Cependant, dans les faits, si vous avez réalisé une offre d’achat et que vous souhaitez vous rétracter avant même d’avoir signé le compromis, c’est possible. En effet, aucun vendeur ni agent immobilier sensé ne vous obligera à aller jusqu’au compromis pour vous permettre de vous rétracter. Ce serait une perte de temps pour tout le monde.

En revanche, le vrai délai de rétractation immobilier court à compter de la signature du compromis. Vous avez signé et vous regrettez votre décision ? Vous disposez d’un délai de 10 jours pour signifier au vendeur ou à l’agent votre rétractation.

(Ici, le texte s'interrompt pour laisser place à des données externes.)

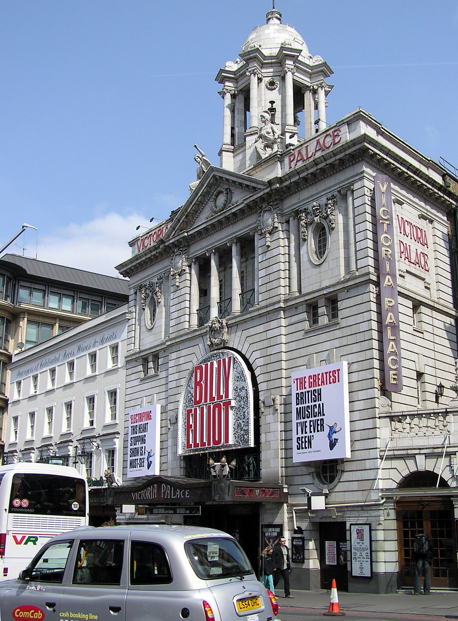 Victoria Palace Theatre, London, England. Photographed by Adrian Pingstone in June 2005 and released to the public domain.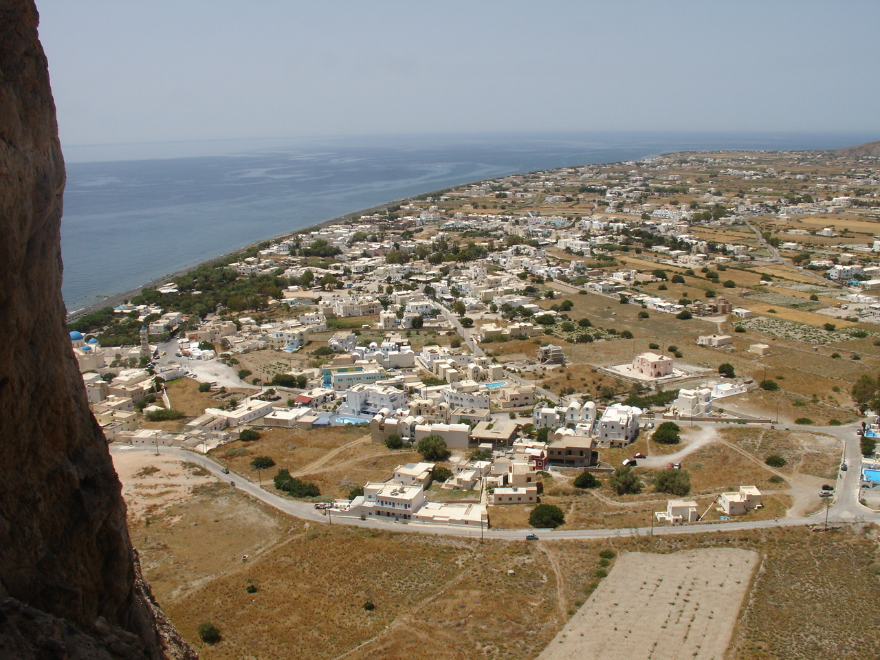 Perissa as seen from the hill of Ancient Thira (Santorini, Greece).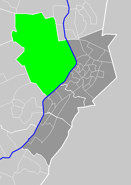 locators of Venlo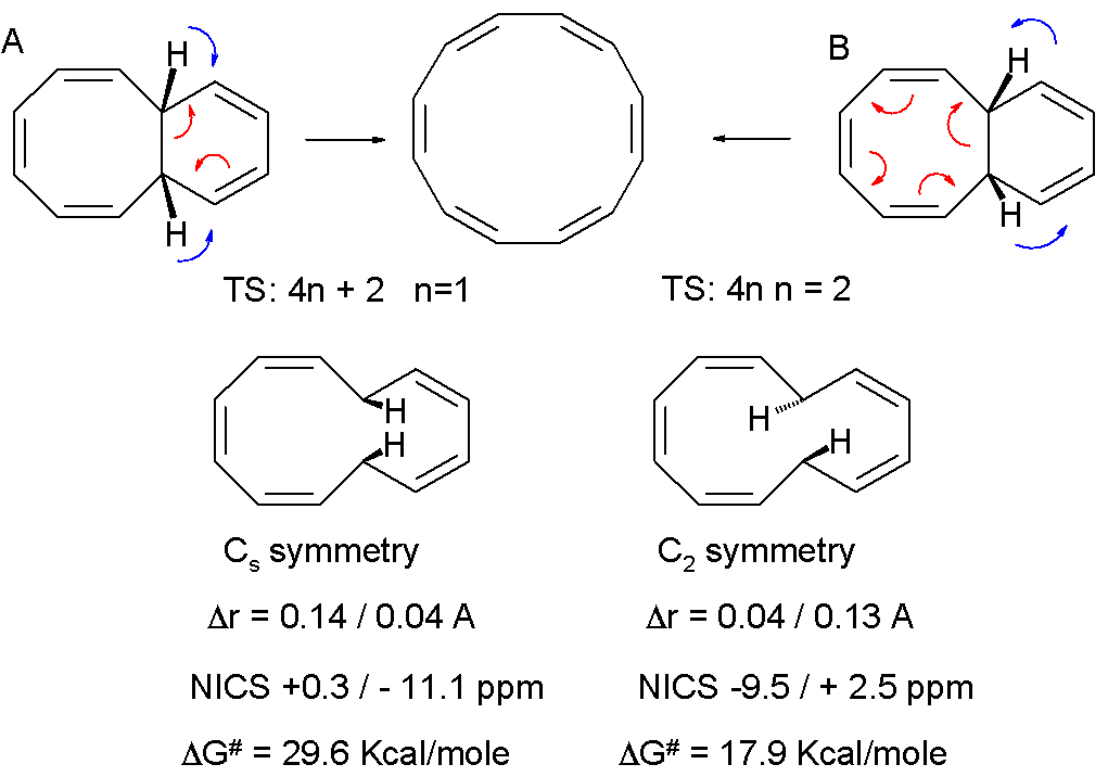 Huckel vs Mobius Transition State

Pendant ce laps de temps, vous pouvez donc annuler la vente et revenir sur votre décision d’acheter le bien sans aucun motif à fournir ni aucune pénalité.

En revanche, attention : passé ce délai, vous ne pouvez plus faire marche arrière, sous peine de poursuites judiciaires ! Effectivement, le vendeur peut réclamer en justice la poursuite forcée de la vente définitive. Il peut aussi demander des dommages-intérêts en réparation du préjudice causé.

Comment se rétracter ? Il suffit à l’acquéreur d’envoyer un courrier en recommandé avec accusé de réception au vendeur, et d’y mentionner son souhait de renoncer à la vente.

Piège n° 4 : payer cher la rédaction du compromis de vente

Lors d’une vente entre particuliers, enregistrer le compromis de vente auprès des services fiscaux n’est pas obligatoire ! C’est pour cette raison que le compromis de vente est généralement gratuit lorsqu’il est signé sous seing privé ou dans une agence immobilière. D’ailleurs, avec l’arrivée du Covid-19 et des consignes de distanciation sanitaire, de nombreuses agences proposent la signature électronique du compromis.

Cependant, certains vendeurs exigent que le compromis soit signé devant notaire, qui va alors facturer des frais de rédaction d’acte. Or, c’est généralement l’acquéreur qui les paye.  Dans un tel cas, n’hésitez pas à comparer les honoraires des notaires : le prix d’un tel acte doit se situer entre 150 à 300 € maximum.